Data for review:

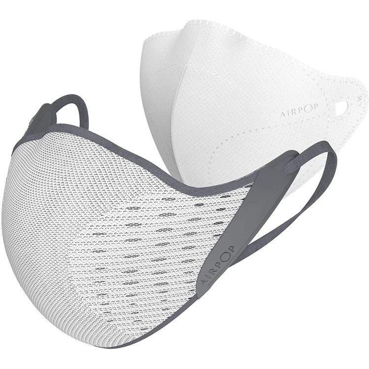 AIRPOP Active Reusable Face Mask, 5-Layer Filter Face Coverings for Sports, Contoured Fit, Folding Adjustable Face Mask, Adult Face Masks for Pollutant Protection - White/Grey
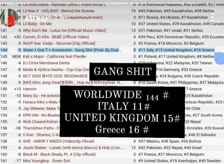 Kënga më e re mban titullin “Gang shit” në bashkëpunim me miqtë e tij One T dhe Anestezion. Kjo këngë ka rezultuar një sukses i vërtetë dhe është renditur në listat botërore të këngëve më të dëgjuara në gjithë botën.
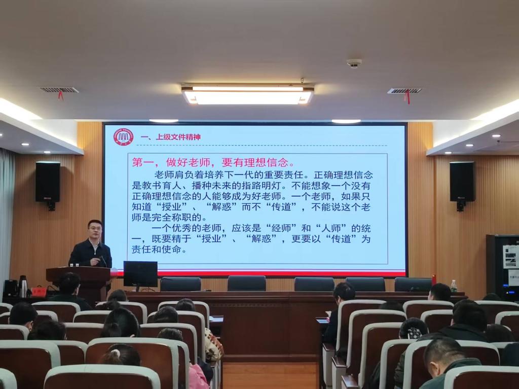 第127期“明道信道”讲座,围绕“聚焦立德树人加强师德师风建设——做“四有”好老师”主题开展师德师风建设专题讲座。本次讲座由学院党委书记资义平同志主讲,全院教职工参加学习。
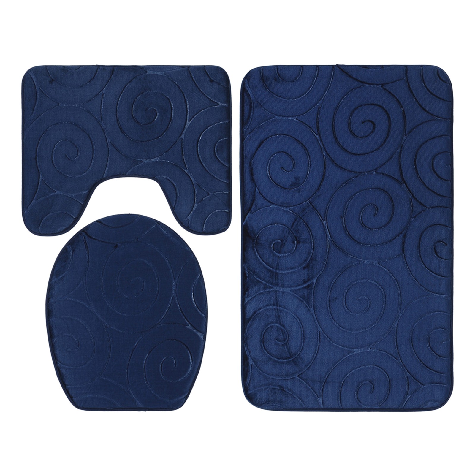Carpets Navy Blue 3 PCS Bathroom Mat Set Stone Embossed Toilet Lid Cover Floor
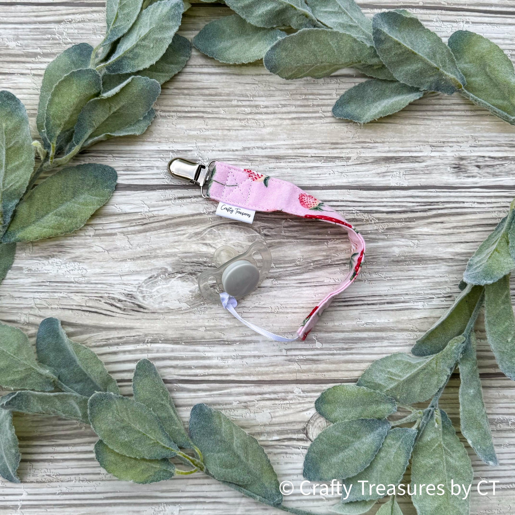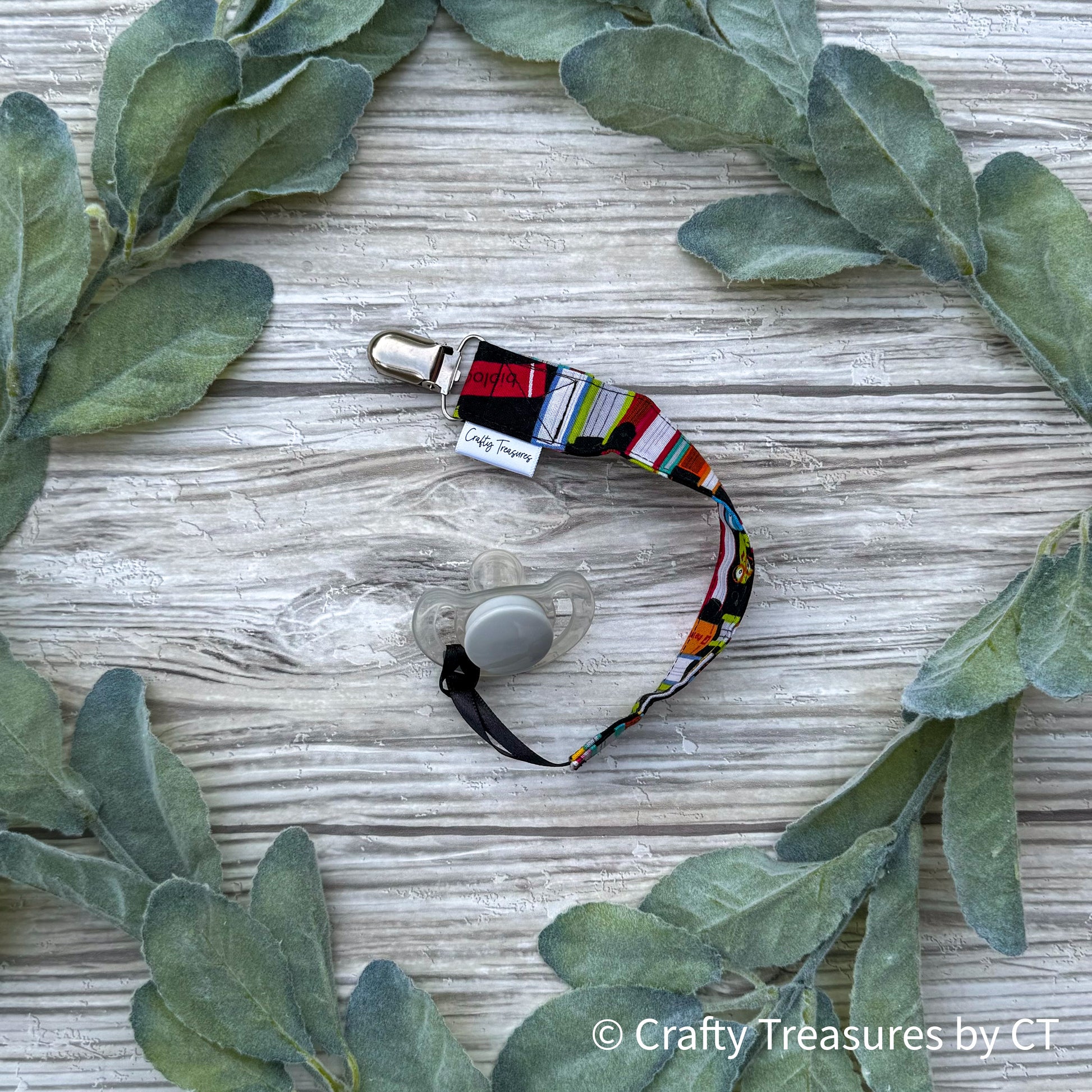 Each pacifier clip is made from 100% cotton fabric, 100% cotton thread, polyester ribbon, and a lead-free metal clip.
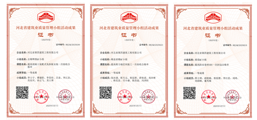 5月15日,七分公司申報的“提高防水卷材SBS一次封邊合格率”“提高剪力墻層間施工一次驗收合格率”“提高混凝土裝配式免拆板安裝一次驗收合格率”三項QC成果,被河北省建筑業(yè)協(xié)會評為“一等成果”。這不僅是河北省建筑業(yè)協(xié)會對分公司技術(shù)創(chuàng)新能力的高度認可,更是分公司扎實開展QC小組活動、有效攻克施工難題、提升項目施工質(zhì)量的生動寫照。
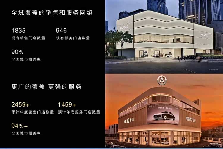 截至目前,鸿蒙智行已拥有1835家销售门店、946家服务门店,覆盖90%的城市,预计年底将分别增至2459家、1459家,甚至将服务延伸到偏远地区,打破“高端服务只在大城市”的固有认知。
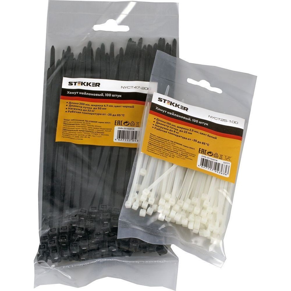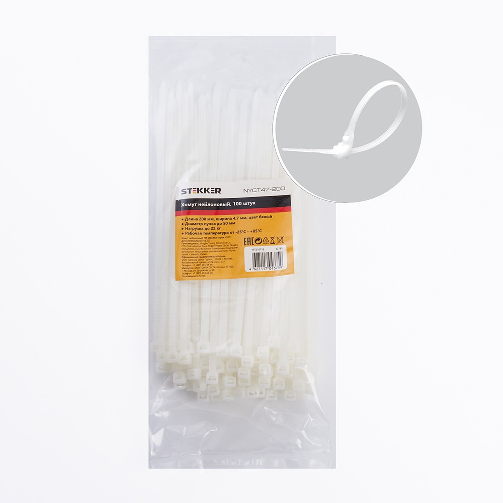 Хомут электромонтажный STEKKER NYCT47-200 , одноразовый, белый, материал - нейлон , максимальный диаметр пучка - 50мм, нагрузка - 22кг, диапазон рабочих температур -25°C - +85°C, рекомендуемая температура хранениня +5°C - +25°C
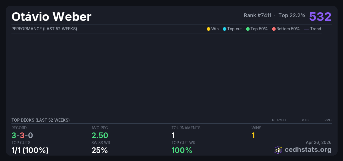 | Commander 500 - 2K - 25-04-2026 Apr 25, 2026 · 24 players | — | 1/24 | 3-3-0 | 2.50 | 532 |
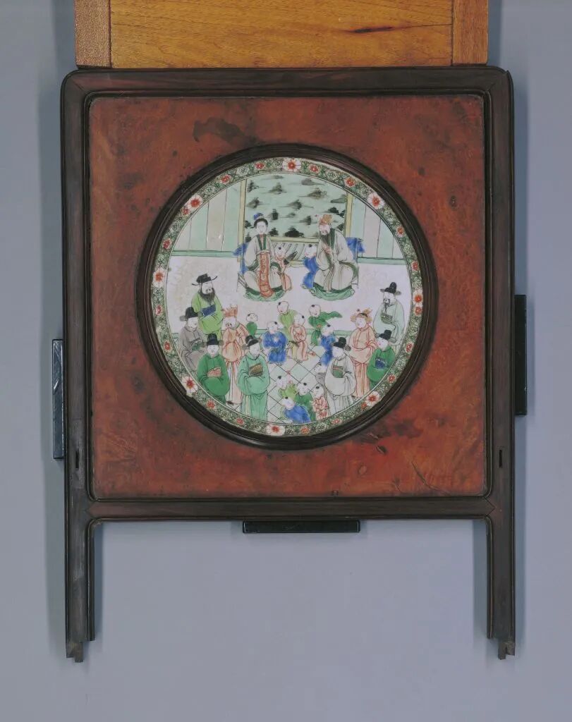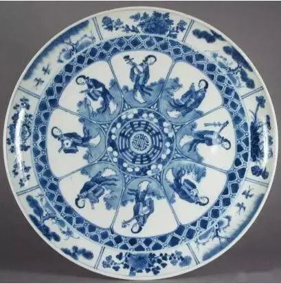 “饮中八仙”指唐代嗜酒的八位文人学士,亦称酒中八仙或醉八仙,他们是:贺知章、汝阳王李琎、李适之、崔宗之、苏晋、李白、张旭、焦遂。唐代诗人杜甫有《饮中八仙歌》,对他们各自的品行、性格作了淋漓尽致的描述。明清瓷器上的饮中八仙图,就是根据杜甫的诗绘制成的。伯牙,春秋时人,善弹琴。据《乐府解题》载:伯牙学琴于成连先生,三年不成。后随成连至东海蓬莱山,闻海水澎湃,群岛悲号之声,心有所感,乃援琴而歌,从此琴艺大进。与钟子期为友,所奏《高山流水》,曲意皆为钟之期悟出,世称知音。明清瓷品上绘有伯牙携琴访友图。以明成化图案最为精美,伯牙、琴童及所携之琴皆用青花勾勒,伯牙衣纹中填水绿彩,琴僮的衣服着矾红色。松树、野菊亦用青花绘成,枝叶加绿色,花着以黄彩。“鱼”与“余”同音,寓“富贵有余”、“连年有余”之意。宋代已具雏形,定窑、景德镇窑、吉州窑、龙泉窑、磁州窑的制品中均有范印或刻划的鱼纹,如:莲池游鱼、水波游鱼、水藻游鱼等。元代景德镇窑青花瓷器上的鱼藻纹十分精美,两尾游鱼之间,布满水藻、浮萍,并以水藻的漂拂示意水的流动。亦见磁州窑白地黑花品种。明清时期,景德镇窑彩瓷中的鱼纹更为繁多,常在同一器上画鲭、鲌、鲤、鳜四种鱼,鱼形较肥大,空间衬以水藻、浮萍、莲花等。《辛氏三春记》载:河津县(今山西省河津县)又叫龙门,因交通不便,水险浪高,河里的鱼鳖之类游不上去,凡是能跳过去的就称龙,故有鱼跳龙门的说法。民间故以此比喻科举金榜题名,飞黄腾达。明清瓷器上绘有此图。民间以和合为掌管婚姻的喜神,和合二仙并有“欢天喜地”的别称。人们图绘、模塑他们的形象,用来祝福“家庭和合,婚姻美满”。和合之像多在婚礼时陈列悬挂,或者常年悬挂在堂中,取谐好吉利之意。也有瓷器上绘荷花(和)、盒子(合)、灵芝(如意),象征“和合如意”。流行于清代。金玉满堂是形容财富极多。《老子》:“金玉满堂,莫之能守”。后又将金玉满堂称富有才学之人。《世说新语·赏誉》载:“王长史(王濛)谓林公(支遁),真长(刘惔)可为金玉满堂”。因鱼与玉音近,故清代瓷器以绘金鱼来比喻金玉满堂。鳌鱼,传说中的海大龟(鳖)。一说形似龙,好吞火,故立屋脊。亦名蛮蛤,好风雨,背负蓬莱之山于海中。唐、宋时期皇帝殿前陛阶上镌有巨鳌,翰林学士、承旨等官朝见皇帝时,立于陛阶正中,故称入翰林院为上鳌头。《玉壶清话》载:“座主登庸归凤阁,门生批诏立鳌头。”后称状元及第为独占鳌头。明清瓷器上绘有此图,以康熙制品为精。瓷器装饰题材。清康熙时颇为流行。内容有“西王母祝寿”、“福禄寿三星”、“八仙庆寿”、“万寿无疆”、“寿桃”、“双螭捧寿”、“莲花八宝托寿”等。
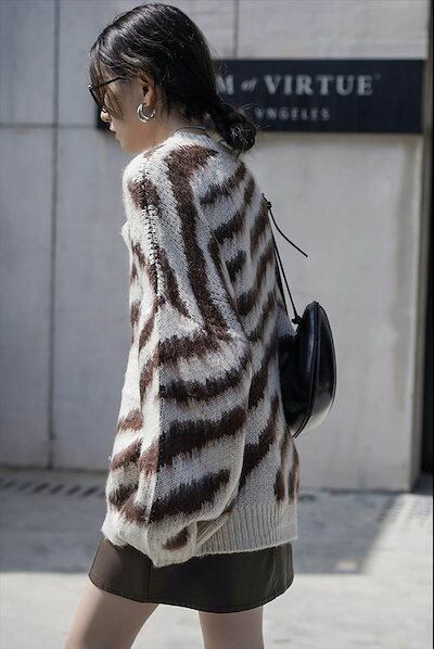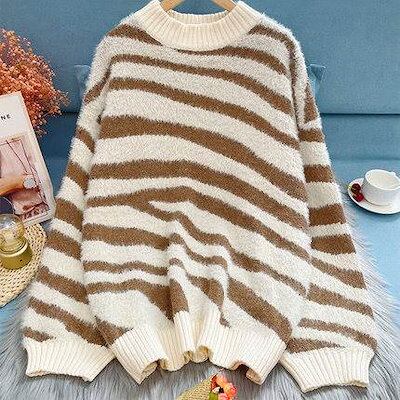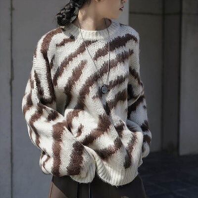 クーポン有チュニック オーバーサイズ バルーン レディース ニット セーター 着る毛布 膝上 ロング 丈長 長袖 ボリューム袖 萌袖 バルーン袖 Uネック 襟なし ノーカラー ワイド ストレート Iラ

The problem: A word-for-word copy of the lines from the start of the listing through the line containing "2.50 | 532 |" is the answer. Pictures stay out of it.

Answer to this exercise:
 AIRPOP Active Reusable Face Mask, 5-Layer Filter Face Coverings for Sports, Contoured Fit, Folding Adjustable Face Mask, Adult Face Masks for Pollutant Protection - White/Grey
 Kënga më e re mban titullin “Gang shit” në bashkëpunim me miqtë e tij One T dhe Anestezion. Kjo këngë ka rezultuar një sukses i vërtetë dhe është renditur në listat botërore të këngëve më të dëgjuara në gjithë botën.
 第127期“明道信道”讲座,围绕“聚焦立德树人加强师德师风建设——做“四有”好老师”主题开展师德师风建设专题讲座。本次讲座由学院党委书记资义平同志主讲,全院教职工参加学习。
Carpets Navy Blue 3 PCS Bathroom Mat Set Stone Embossed Toilet Lid Cover Floor
 Each pacifier clip is made from 100% cotton fabric, 100% cotton thread, polyester ribbon, and a lead-free metal clip.
 5月15日,七分公司申報的“提高防水卷材SBS一次封邊合格率”“提高剪力墻層間施工一次驗收合格率”“提高混凝土裝配式免拆板安裝一次驗收合格率”三項QC成果,被河北省建筑業(yè)協(xié)會評為“一等成果”。這不僅是河北省建筑業(yè)協(xié)會對分公司技術(shù)創(chuàng)新能力的高度認可,更是分公司扎實開展QC小組活動、有效攻克施工難題、提升項目施工質(zhì)量的生動寫照。
 截至目前,鸿蒙智行已拥有1835家销售门店、946家服务门店,覆盖90%的城市,预计年底将分别增至2459家、1459家,甚至将服务延伸到偏远地区,打破“高端服务只在大城市”的固有认知。
 Хомут электромонтажный STEKKER NYCT47-200 , одноразовый, белый, материал - нейлон , максимальный диаметр пучка - 50мм, нагрузка - 22кг, диапазон рабочих температур -25°C - +85°C, рекомендуемая температура хранениня +5°C - +25°C
 | Commander 500 - 2K - 25-04-2026 Apr 25, 2026 · 24 players | — | 1/24 | 3-3-0 | 2.50 | 532 |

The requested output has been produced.